Work instructions. Return only the lines below starting at the line containing "Kommunedirektør Magnus Mathisen" and ending at the line containing "Crystal dish with", both included, exactly as they are and with no pictures.

Data for review.
########

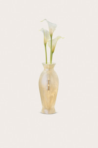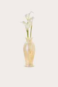A marbled acrylic vase of calla lilies that opens for storage and functions as wearable art. Handmade with love, each Calla flower is unique. — Objet d'art — Marbled acrylic vase — Hinge opening — Magnetic closure — Cannot fit an iPhone SIZE & FIT NOTES Cannot fit a Phone 3.54" W x 3.54" H x 15.75" L COMPOSITION AND CARE 100% ACRYLIC, TRIM: 100% PU, 100% PVC
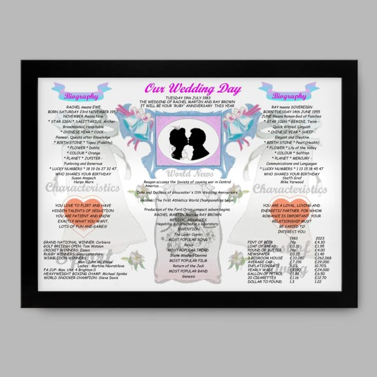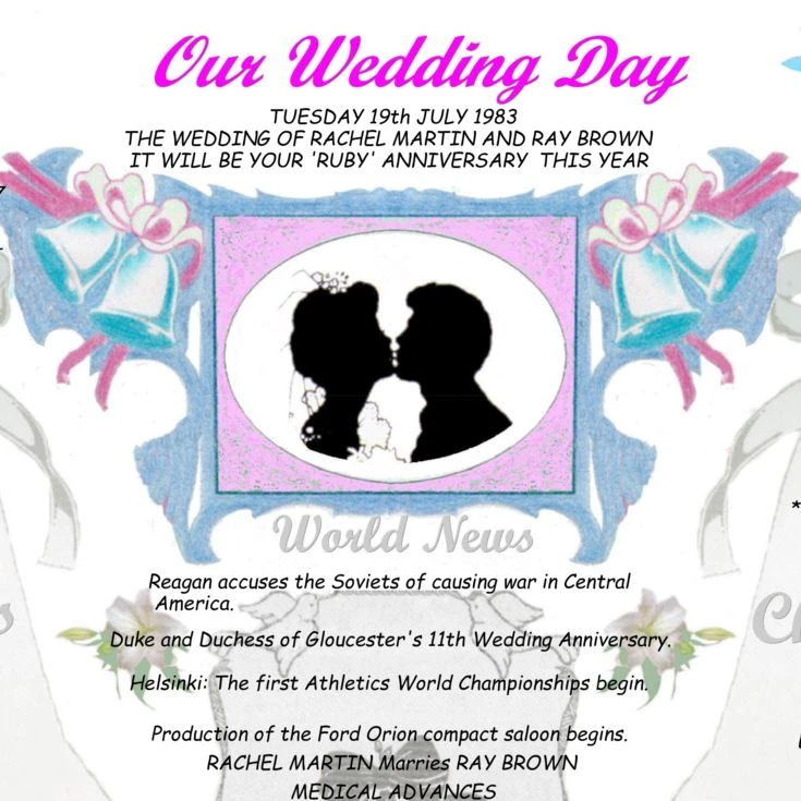 Our Wedding Day Chart is full of fascinating facts about the day of the marriage from facts about films, songs, sport, news and prices of products such as newspapers, bread etc.
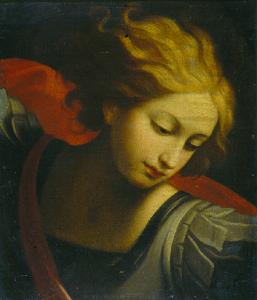 Angelo a mezzo busto leggermente di tre quarti con i capelli mossi dal vento abbassa la testa.
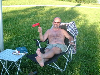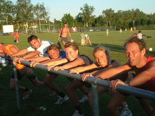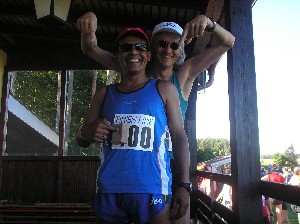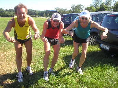 kräftige Runde, es gibt viel zum Erzählen. Jetzt noch in der nicht mehr so warmen Abendsonne die Dehnübungen machen und langsam verschwinden sowohl die Sonne als auch wir wieder. Manche im Zelt bei Weißbier und Bratwurst, andere zum Auto und Abendessen zuhause... Unsere Geschenke (die übrigens jeder Starter für die nur € 15,00 erhält) nehmen wir gern mit: ein Weizenglas "Altmühlsee", Duschbad, Deoroller. Und Erwin ist doch nicht ins Wasser gegangen... |
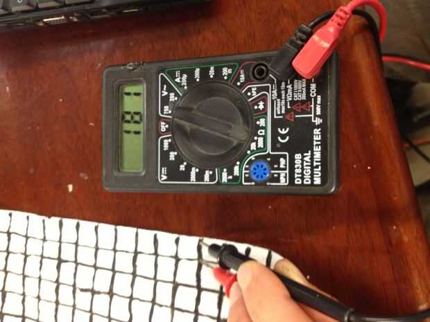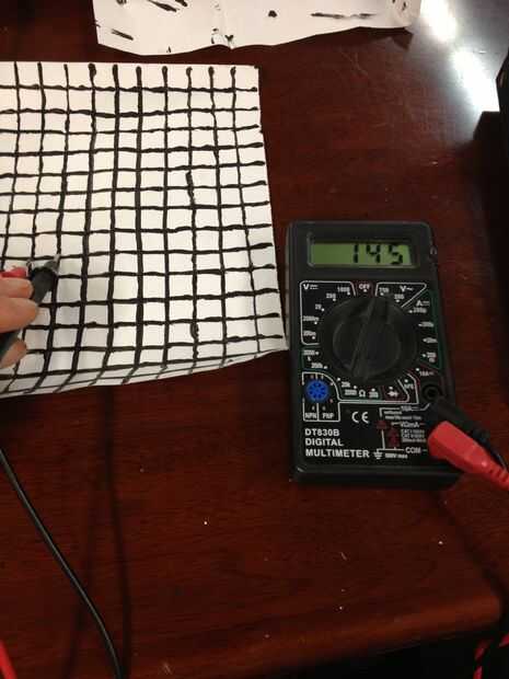 Hay tres medidas simples que hacer. Con el multímetro en modo de "ohmetro" (las unidades de resistencia son ohmios, y simbolizados por la letra griega mayúscula Omega), usted puede medir (1) la resistencia a través de un resistor "colgando" aislado que no forma parte de la red; Llamemos a esta resistencia R. A continuación, se puede medir (2) la resistencia a través de un lado de una plaza cerca del centro del papel; la resistencia debe ser teóricamente R_side = R / 2. Por último, se puede medir (3) la resistencia a través de la diagonal de un cuadrado; la resistencia debe ser teóricamente R_diag = R * (2 / pi). Por lo tanto, debe ser igual 2 pi * (R / R_diag). ¿Está cerca de 3.14? Tenga en cuenta que puedo lista a más de tres dígitos ya mi multímetro en la foto sólo tres. Tengo como cerca como 3,38 para un conjunto de mediciones.
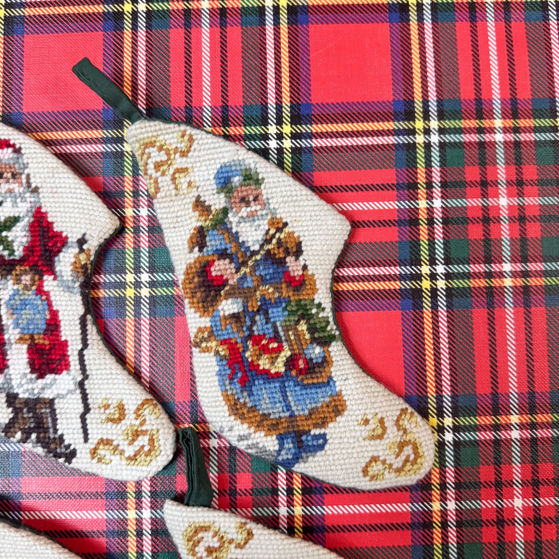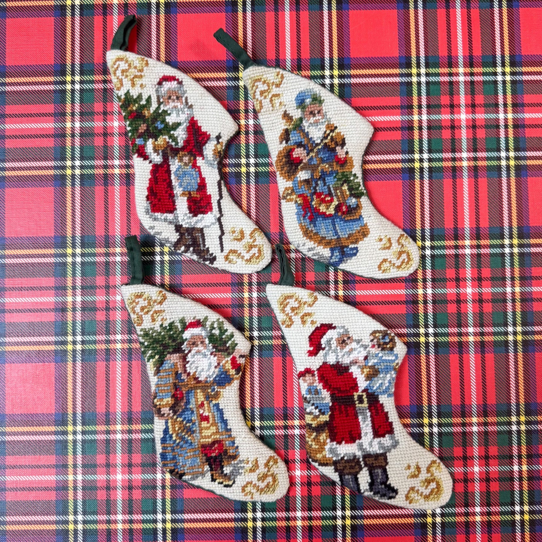 Set of Four Vintage Mini Needlepoint Stockings – Style B
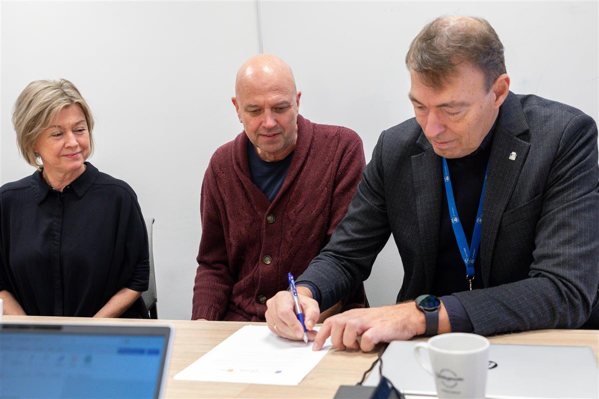 Kommunedirektør Magnus Mathisen signerte onsdag 12. november samarbeidsavtalen mellom Grimstad kommune, Universitetet i Agder og Fagskolen i Agder om utviklingen av Universitetssykehjemmet i Agder.
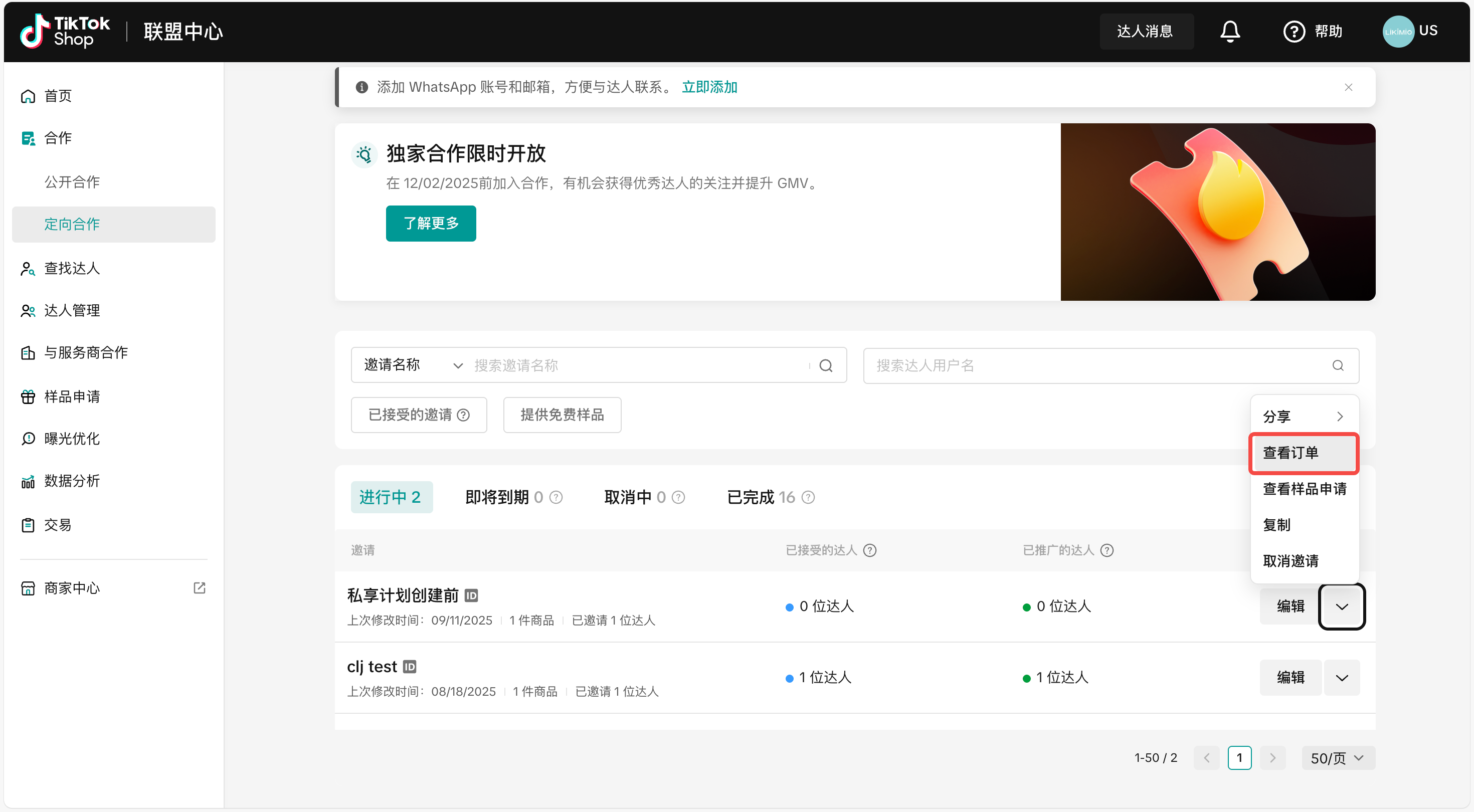 在”定向邀请管理”页面查看效果:联盟中心 → 定向合作 → 进行中 → 操作 → 查看。
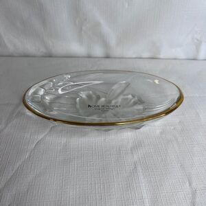 Crystal dish with gold rim. Oval. Pretty orchid design
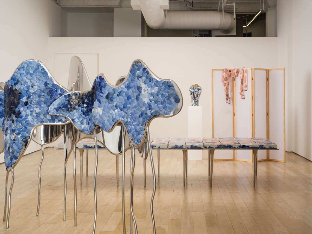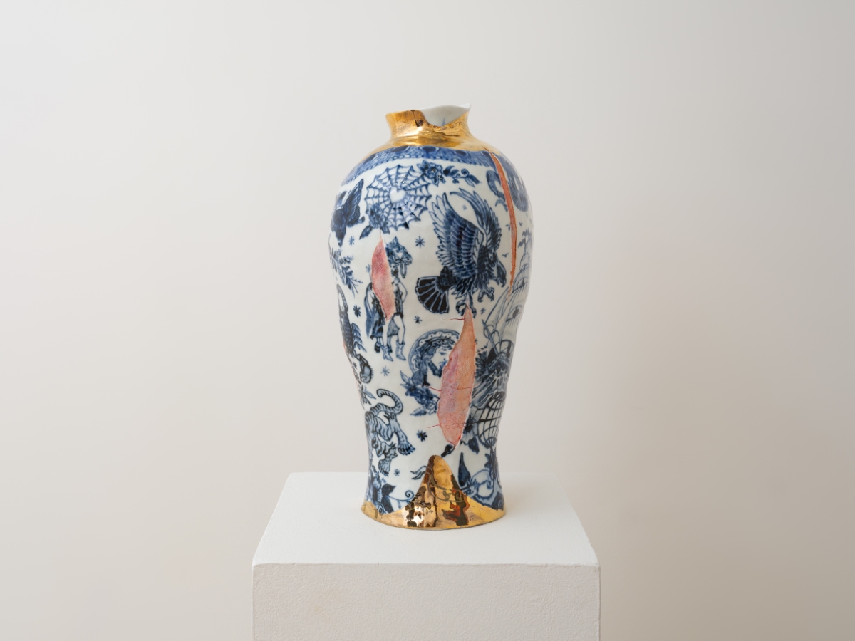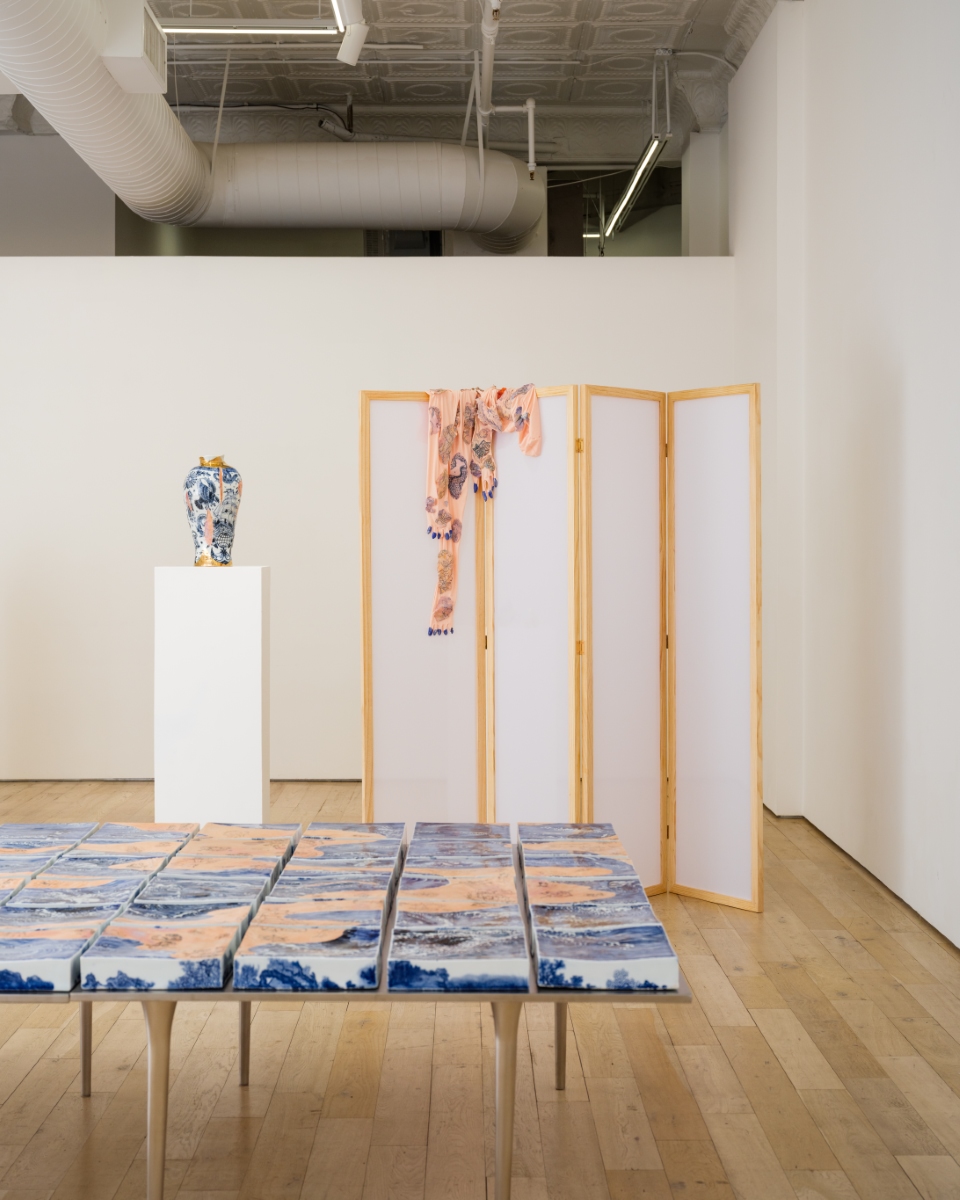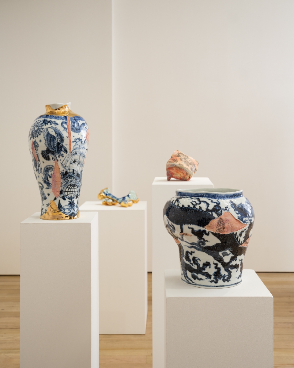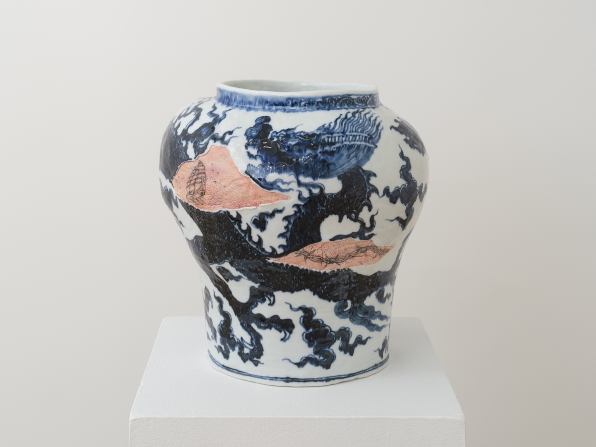 A semi-transparent paneled silk screen further divides up the gallery, concealing a number of porcelain vessels that appear to crack and splinter. As their blue-and-white surface falls away, a wrinkled underlayer resembling skin is revealed. Wang has developed a deft technique for imprinting texture into porcelain which gives it the appearance of actual flesh. Intercut with her sculptures’ sinuous blue-and-white imagery, stretches of skin are revealed as grizzly reminders of the human cost of the globalizing project. Throughout, the delicate materiality and translucence of porcelain — which itself summons comparison with bone and skin — is refigured not only as canvas but as a quasi-corporeal body, marked by the ambitions of commerce and the aftermath of empire.
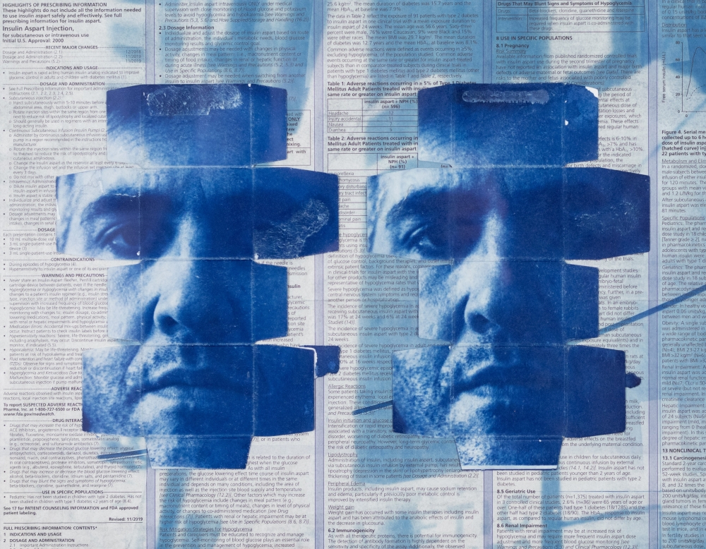 © Pauly V., Self Portrait (2), film photography a cyanotype on diabetic test strip boxes and insulin fact sheets, 11 x 14 inches, framed. Image: A medical insert pamphlet with small informative text. Collaged on top are two flattened medication boxes that have been coated in cyanotype. On each box, Pauly has printed a close-up self-portrait, a white male with eyes in shadow and a close-shaven beard.
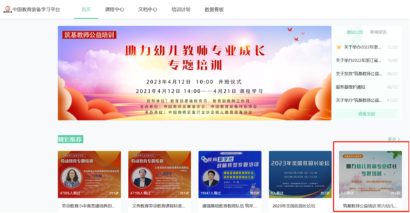 開班儀式:4月12日10:00在首頁——“精彩推薦”板塊觀看《“筑基教師公益培訓”——助力幼兒教師專業(yè)成長》開班儀式。
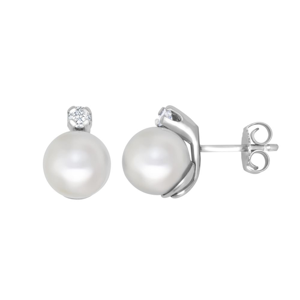 9ct White Dia-10pts 7.0-7.5mm Cultured Pearl Stud Earrings
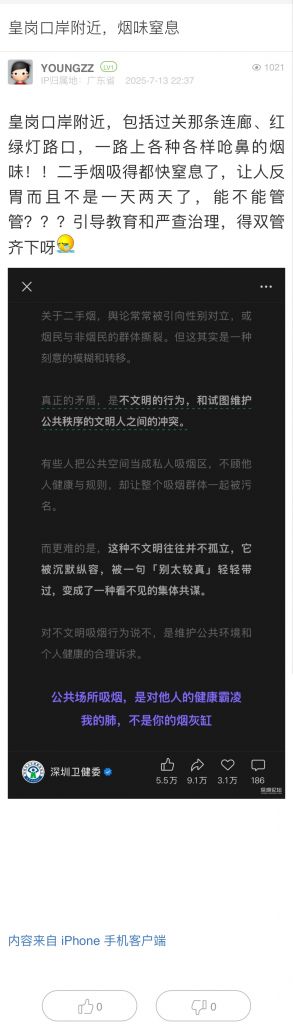 31. 帖文《皇岗口岸附近,烟味窒息》
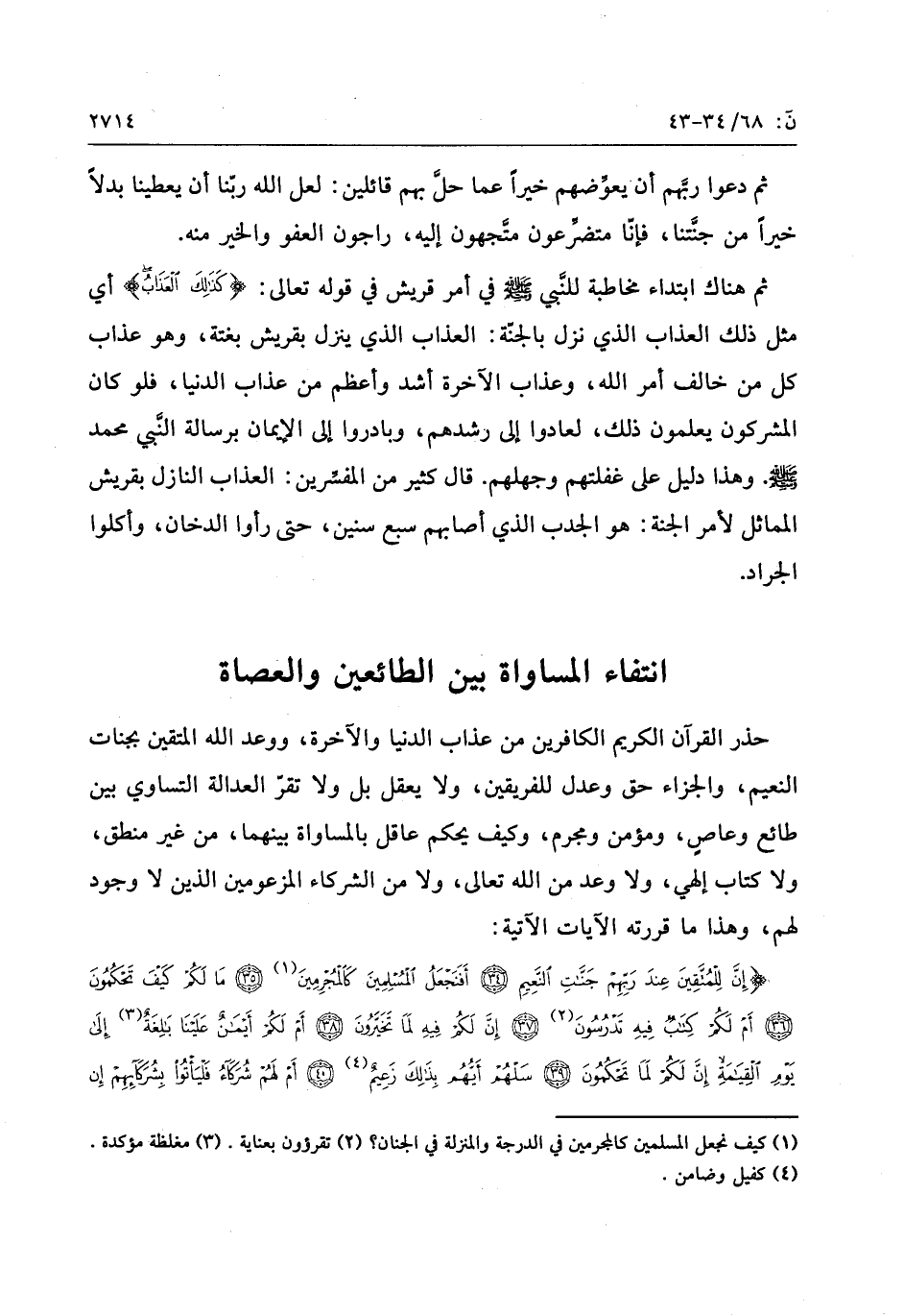 إِنَّ لِلْمُتَّقِينَ عِنْدَ رَبِّهِمْ جَنَّاتِ النَّعِيمِ (34) أَفَنَجْعَلُ الْمُسْلِمِينَ كَالْمُجْرِمِينَ (35) ما لَكُمْ كَيْفَ تَحْكُمُونَ (36) أَمْ لَكُمْ كِتابٌ فِيهِ تَدْرُسُونَ (37) إِنَّ لَكُمْ فِيهِ لَما تَخَيَّرُونَ (38)

########

Finished task.
 Kommunedirektør Magnus Mathisen signerte onsdag 12. november samarbeidsavtalen mellom Grimstad kommune, Universitetet i Agder og Fagskolen i Agder om utviklingen av Universitetssykehjemmet i Agder.
 在”定向邀请管理”页面查看效果:联盟中心 → 定向合作 → 进行中 → 操作 → 查看。
 Crystal dish with gold rim. Oval. Pretty orchid design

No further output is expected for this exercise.